You can rename or move your shared folders just like you would any other folder on your hard drive or via the website. Even if you rename it, the folder will still remain shared. However, changing the name of the shared folder or its location will not change its name or location in the Dropbox of other members.


I moved some folder. Control x control v. And the folder is no longer shared.

2 Answers 2


The method you use to move the folder is what likely broke the "share". If you drag a folder using Windows Explorer or Finder, Dropbox sees that as a single operation — a simple "change the location of this folder" request — and will maintain the shared status and share link. The folder's location is moved.

If you cut and paste the folder, Dropbox sees it as two unrelated things: first the folder is deleted (even if your computer has actually made a copy on its clipboard — but Dropbox doesn't necessarily know that) and then some time later when you hit "paste", whether moments or hours later, a folder is being created with a bunch of content in it (which your computer dumps in from its clipboard).
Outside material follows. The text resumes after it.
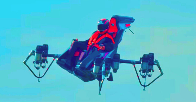 In an effort to bring personal flying machines to the skies, French inventor and former jet-ski champion Franky Zapata is taking invites for people to try out his latest flying machine – the JetRacer. Meet the JetRacer The JetRacer is a vertical take-off and landing (VTOL) aircraft powered by ten kerosene-fueled micro-turbo-jet engines. The Zapata JetRacer Controlled by two joysticks, it’s capable of a high degree of maneuverability, with a video of flipping and turning the aircraft at speed while flying over water. Not Zapata’s first rodeo Zapata crossing the English Channel Zapata’s had a long history with flying…
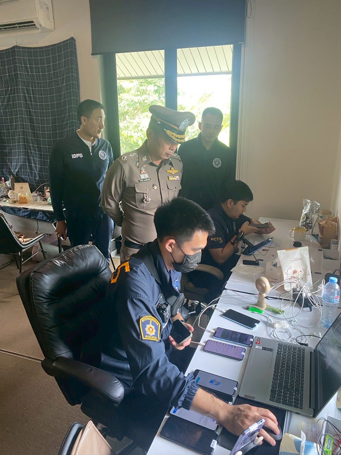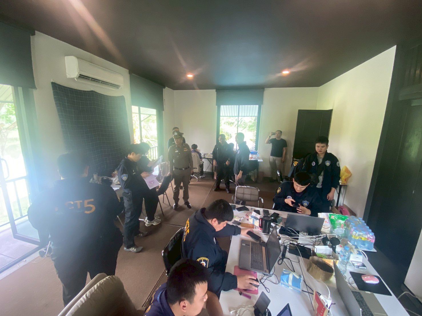 จากการตรวจค้น เจ้าหน้าที่ยึดของกลางได้เป็นจำนวนมาก อาทิ คอมพิวเตอร์กว่า 20 เครื่อง, โทรศัพท์มือถือมากกว่า 100 เครื่อง, และซิมการ์ดของประเทศจีนจำนวนมาก ซึ่งใช้ในการติดต่อกับเหยื่อชาวจีนกว่า 10 ราย ผู้ต้องหาทั้งหมดเป็นชาวจีนที่เดินทางเข้าประเทศไทยและเช่าบ้านหลังนี้มาประมาณ 3 เดือน โดยมีหัวหน้าแก๊งชาวจีนเป็นผู้จัดการให้ลูกน้องกินอยู่หลับนอนและทำงานตลอด 24 ชั่วโมงภายในบ้าน โดยผู้ต้องหาแต่ละคนจะได้รับค่าจ้างสูงถึงหัวละประมาณ 10,000 – 20,000 หยวน หรือราว 50,000 – 100,000 บาทต่อเดือน มีภารกิจหลักคือการหลอกลวงชาวจีนหลากหลายรูปแบบ ทั้งการหลอกขายสินค้าออนไลน์, หลอกให้โอนเงินเพื่อแก้ปัญหาสายการบิน, ปัญหาธนาคาร, รวมถึงการข่มขู่เรียกเงินในลักษณะของแก๊งคอลเซ็นเตอร์

But it's a new folder, a new copy.

The difference between cut/paste versus dragging to move folders doesn't make a lot of difference to us: different means to the same end — but it's very different from a file system's point of view.

To keep shares and links alive, either stick to dragging folders (you can open multiple Explorer/Finder windows if it helps), or use the Dropbox web interface - right-click a folder and choose "Move..." on the pop up menu.


If you move a shared folder inside of another shared folder—perhaps while organizing your Dropbox—the folder will change locations and break any shared links. Shared folders cannot be "nested" within another folder, and this action will register that you have opted to leave the shared folder. Moving a shared folder into another folder means you will no longer see changes collaborators make to files within that folder. However, this nesting does not affect other users.